Source: www.heraldscotland.com

SCOTLAND, August 29, 2010: The warnings regularly given by all manner of experts had been ignored for decades. Because Pakistan’s irresponsible timber harvesting stripped the country’s forests at a faster rate than anywhere else in Asia, floods came. They are not acts of God, but man-made catastrophes.

As August began – that heavier than usual, but not unprecedented, monsoon rains fell on the largely forest-denuded northwest Himalayan, Karakoram and Hindu Kush mountains and foothills, swelling the mighty 2000 mile-long Indus river, originating in Tibet, and others such as the Jhelum, Swat, Chenab, Ravi, Beas, Sutlej and their many tributaries. What then happened, as Pakistani journalists and environmental campaigners have reported, was truly terrifying.

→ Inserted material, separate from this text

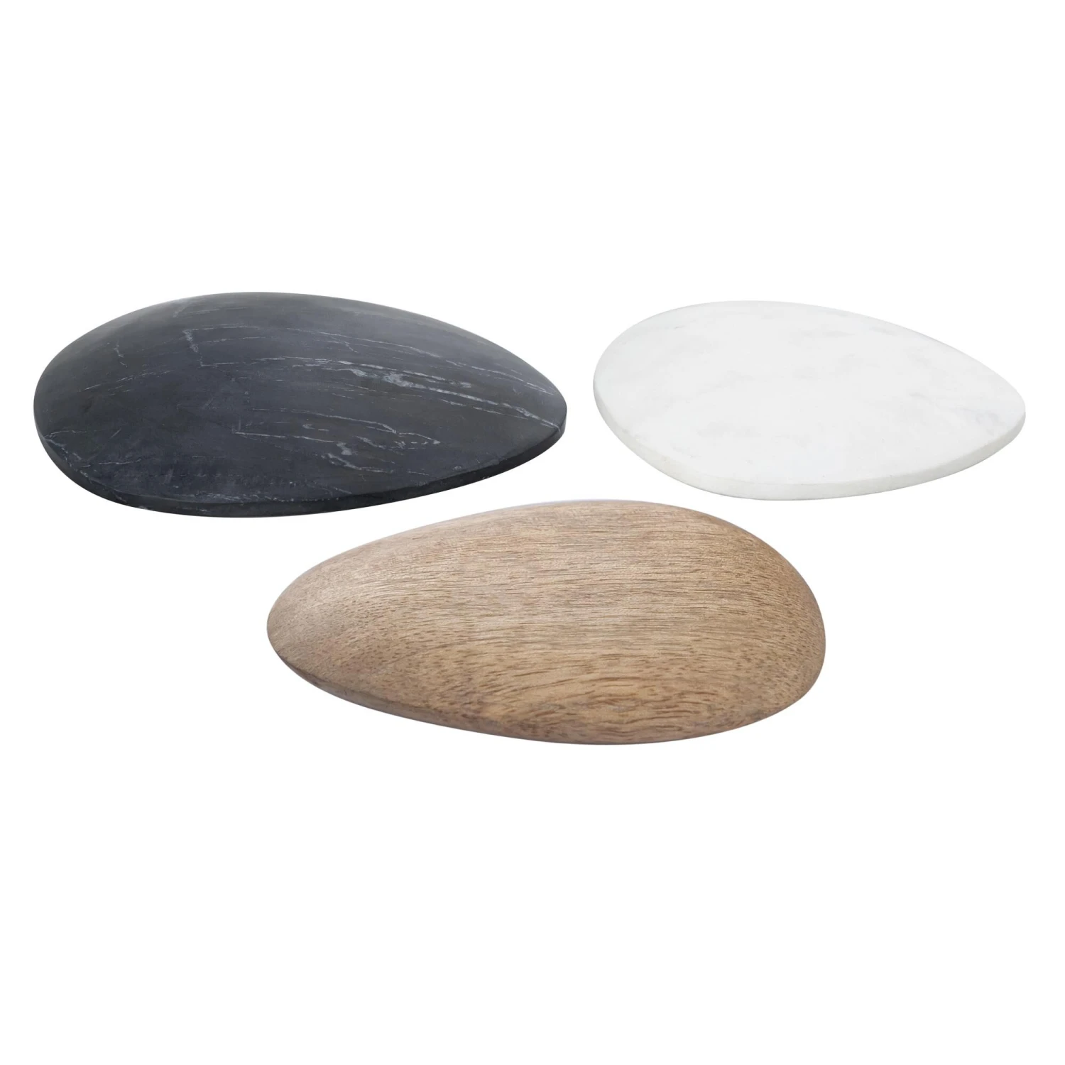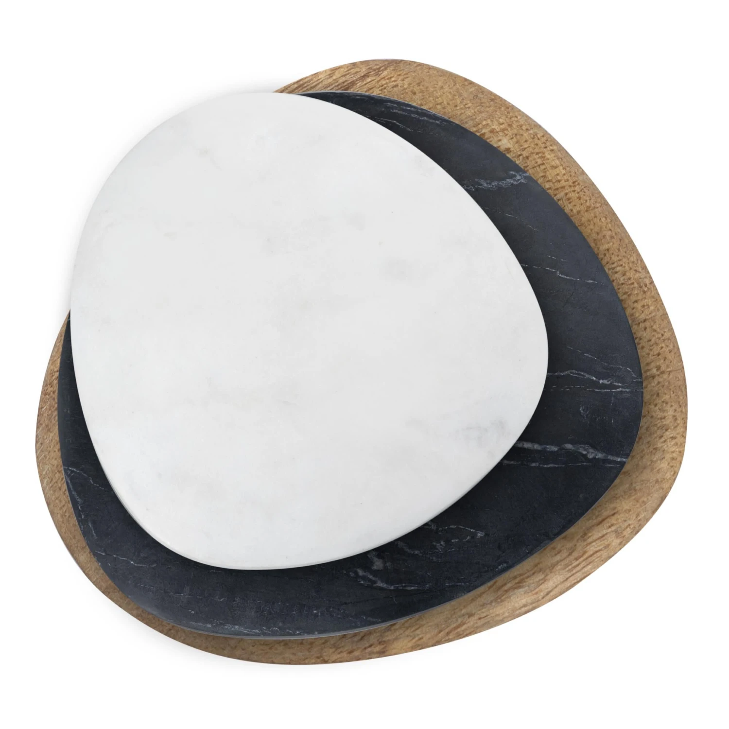 The Cairn Decorative Objects, sold as a set of three, are small rounded discs made from natural marble and wood. These sculptural pieces can be scattered as objects on a table setting, decorative tray, or used as paper weights.

Trees felled by so-called illegal loggers – an infamous “timber mafia” that has representatives in the Pakistan Parliament in Islamabad and connections right to the top of government and the military – are stacked in the innumerable nullahs [steep narrow valleys], gorges and ravines leading into the main rivers. From there they are fed into the legal trade, earning the mafia billions of dollars yearly.

It is not only the mountain forests that have been devastated. When Pakistan became independent from Britain and separated from India in 1947, thick riverine forests lined the Indus on its thousand mile journey across the plains. “These forests used to absorb the ferocity of the floodwaters,” said Tahir Qureshi, a Pakistan-based forestry expert for the International Union for the Conservation of Nature.